こんにちは。すでに夏が近いのかという程に日毎に気温が上がってきております。気温差の激しい今時期、春の熱中症というのもあるようなので、警戒をしておきましょう。

本日はドローン測量の話題。土木測量のドローン活用が広がりはじめていますが、今回ご紹介するのは水中の地形の点群計測をおこなうというもの。

国内で初めての水中レーザー測量実証実験


出典:朝日航洋

この実証試験は、国土交通省の「革新的河川管理プロジェクト」の現場に、ザイ)河川情報センター、朝日航洋株式会社、アジア航測株式会社、ルーチェサーチ株式会社の4社による「チームFALCON」として参画したものです。

実験背景としては、ヘリコプターに搭載される航空レーザー測深機の小型・高性能化、ドローンの性能向上が進んでいる昨今、河川管理の現場においてドローンによる機動的な川底の地形測量に対するニーズが高まっている所になります。

このような状況から、チームFALCONはグリーンレーザー測量機器をドローンに搭載した国内初の水中レーザー測量システムの開発に至ったそうです。

実証実験概要と結果

こちらの実験は昨年の12月に利根川にて実施され、新たに開発された大型ドローン「SPIDER-LX8」に小型化されたグリーンレーザー測量機器「RIEGL BDF-1」を搭載し、水中と陸上の横断形状を測量したものです。


出典:RIEGL JAPAN

ちなみにこのRIEGL BDF-1は重量が5.3kgと少々重く、この測量器を搭載できるように、約25kgまで搭載が可能なように開発されたドローンが「SPIDER-LX8」となります。

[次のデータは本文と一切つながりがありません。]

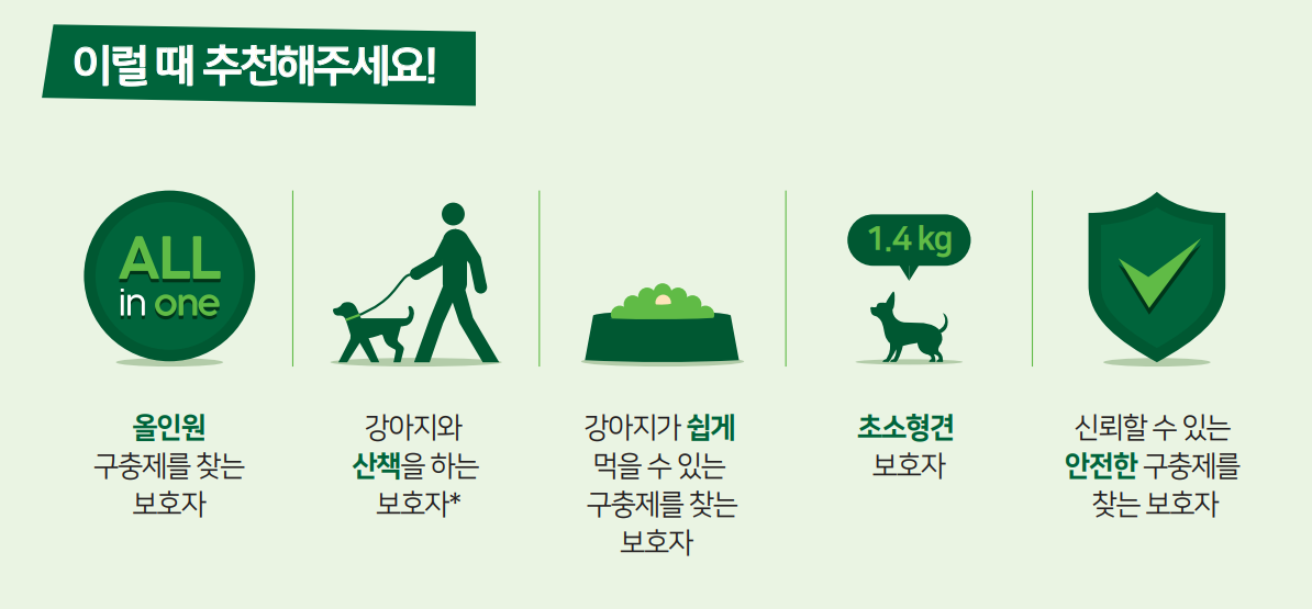 - 적용 대상: 8주령 이상, 체중 1.4kg 이상의 강아지부터 초대형견까지 체중별로 5가지 사이즈로 구분되어 맞춤 투약이 가능합니다.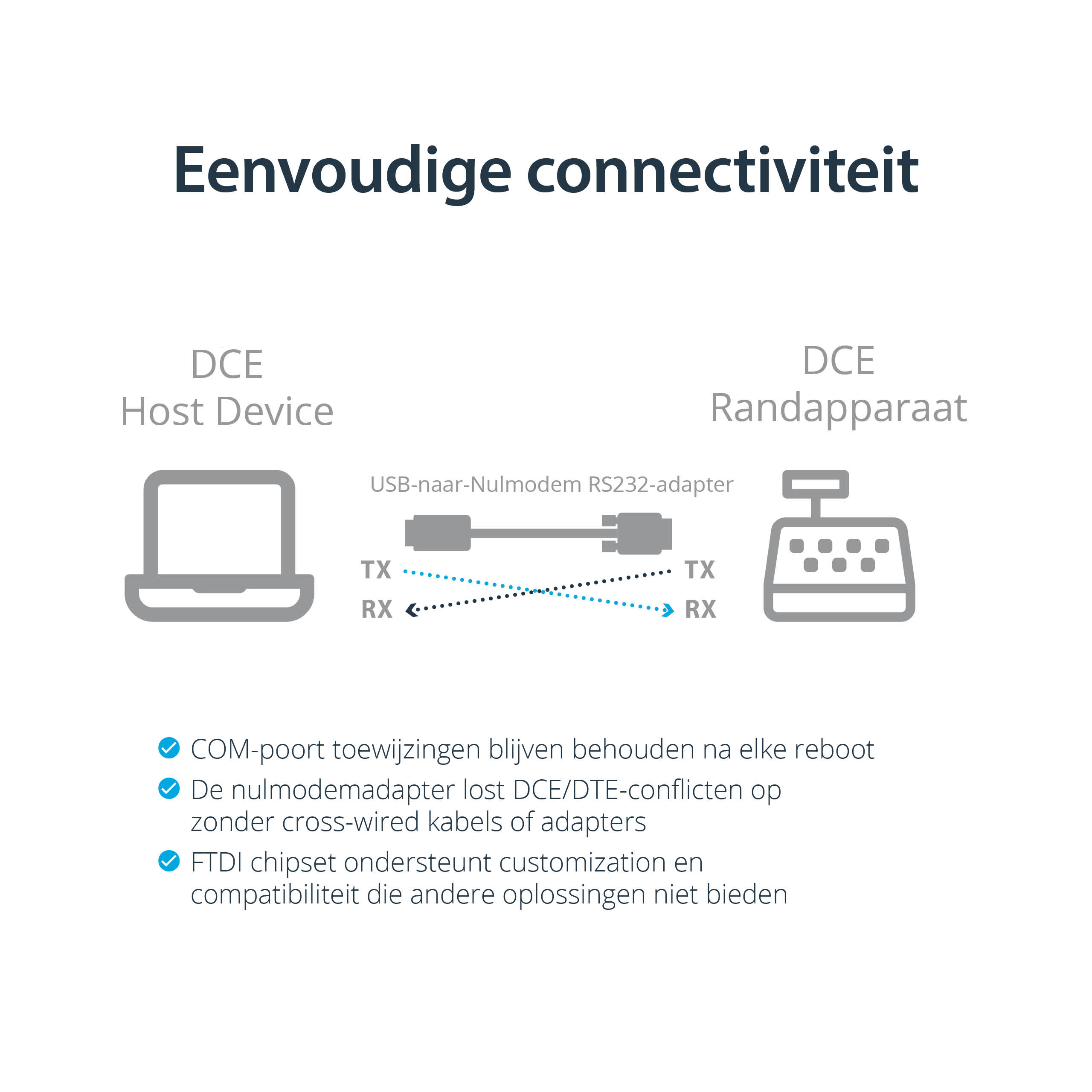 Cet adaptateur compact offre la mémorisation du port de communication, permettant ainsi à la valeur du port COM d'être automatiquement réaffectée au port si le câble est déconnecté, puis reconnecté à l'ordinateur hôte, ou si le système est redémarré. Le chipset FTDI intégré prend en charge une personnalisation supplémentaire, des fonctions avancées et une compatibilité souvent absente avec les autres solutions.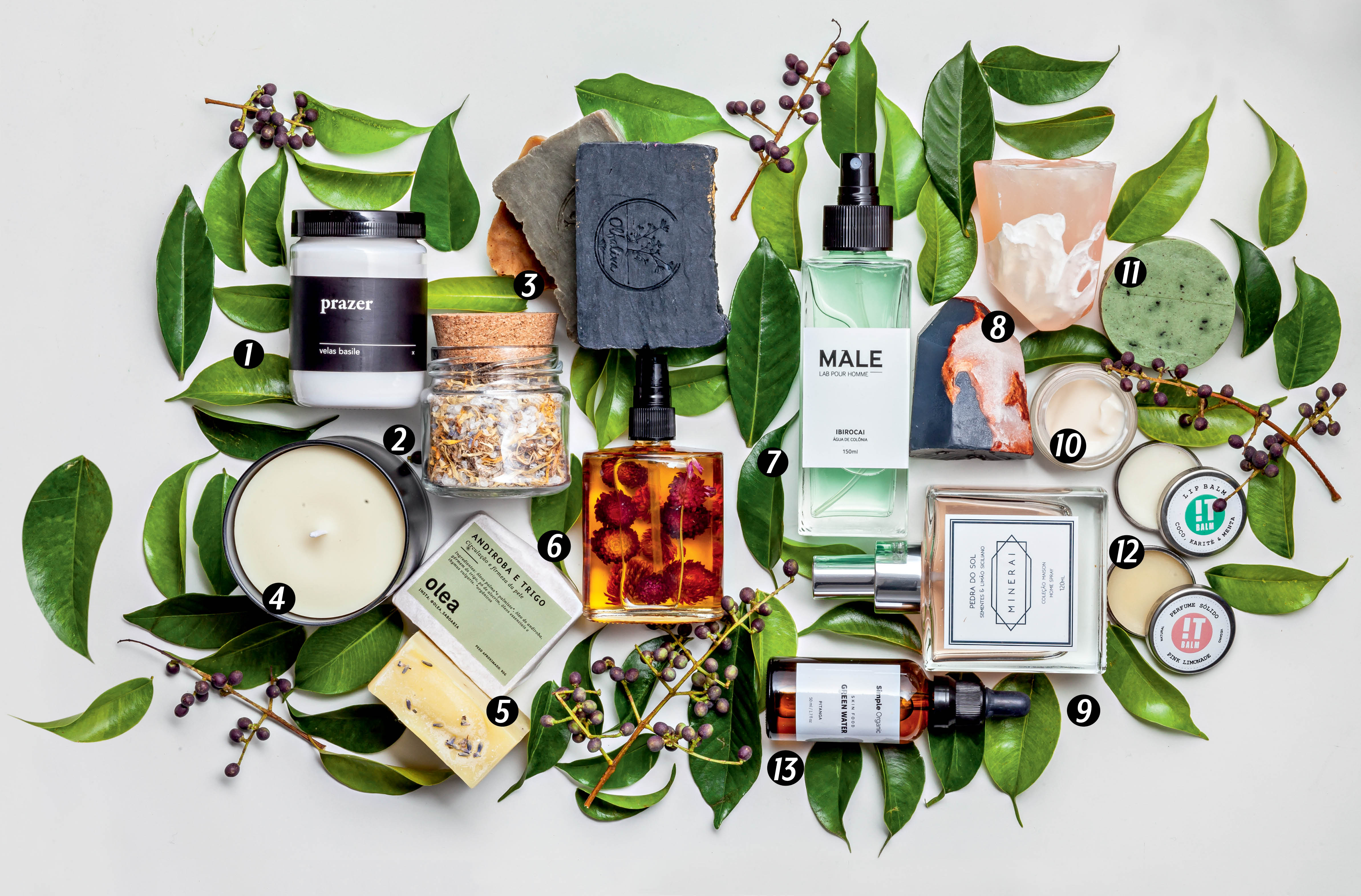 Itens de marcas que oferecem produtos de beleza e bem-estar de fabricação artesanal e matéria-prima natural:

実験では、飛行高度などの条件を変え、河川を横断、複数回飛行し、水底と陸上部分を連続して測量。その結果は有人機での測量結果と概ね合致する結果で、最深部である深さ約2mまで測量されているのが確認できたようです。


出典:朝日航洋


出典:朝日航洋


出典:朝日航洋

また、実験は風速10m/s前後という強風下でおこなわれたそうですが、所定の測量成果があがっています。(SPIDER-LX8は、最大で風速20m/sまで安定的な測量が可能)

まとめ

時代とともにドローンの性能が上がることで、今回のようにレーザー測量器もドローンでの使用を前提に小型化されています。

今までヘリコプターや小型ボートなどでおこなっていた大掛かりなものが、ドローンを用いて効率の良い作業ができるようになりました。今後もドローンの進化に合わせて、最適な装備などが開発されていくでしょう。

個人的に今の所ドローンの最大の弱点はフライト時間の短さだと思います。簡単な建物調査や測量などでは複数のバッテリーを持っていれば問題ないと思いますが、それでもわざわざ付け替えるのは面倒です。

すでに海外などでは10時間の飛行を可能にした水素燃料電池を用いたドローンなどが発表されています。ですが水素燃料は水素爆発などの危険性があるので、なかなか現段階で普及は難しいようですね。

でもそのような問題もすぐに解決してくると思います。そして進化と共に新しいソリューションがまた生まれ、企業のビジネスも変えていくことになるのでしょう。3年、5年先の予測も難しい時代ですが楽しみですね。